Commerzbank n’a pas encore annoncé de successeur qui pourrait défendre la stratégie autonome du prêteur et rallier le soutien des investisseurs.
Au lieu de cela, c’est la directrice financière Bettina Orlopp qui a pris la tête de la défense de la banque.
Même les initiés qui se montrent sceptiques quant à un éventuel rapprochement reconnaissent qu’il sera quasiment impossible de présenter une stratégie autonome aussi attractive financièrement qu’une fusion. Une fusion avec HypoVereinsbank permettrait de réaliser des milliards d’euros d’économies de coûts et d’économies d’échelle.

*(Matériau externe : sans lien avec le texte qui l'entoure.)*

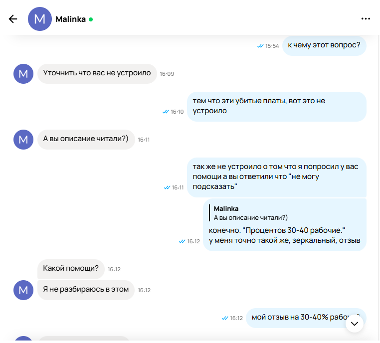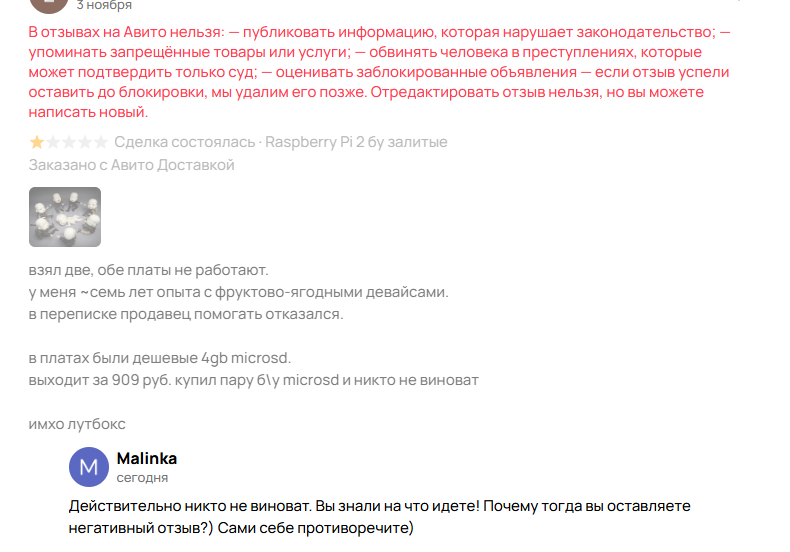 как итог - я в минусе с двумя мертвыми платами, мой отзыв заблокировали и я опасаюсь что этот продаван и дальше продолжит эксплуатировать алгоритмы авито что бы меня заблокировали.

La banque pourrait inventer une pilule empoisonnée pour faire capoter l’accord – par exemple en acceptant de vendre sa banque d’affaires à Deutsche Bank en échange d’une participation dans son rival.
Mais des personnes proches de Commerzbank ont déclaré au Financial Times que la direction « ne ferait rien de fou » pour faire dérailler une offre d’UniCredit si elle se faisait au détriment de la franchise de Commerzbank.
L’alternative pourrait être d’essayer d’obtenir une prime de rachat généreuse d’Orcel, ainsi que des garanties pour conserver la prise de décision et une cotation des activités allemandes à Francfort.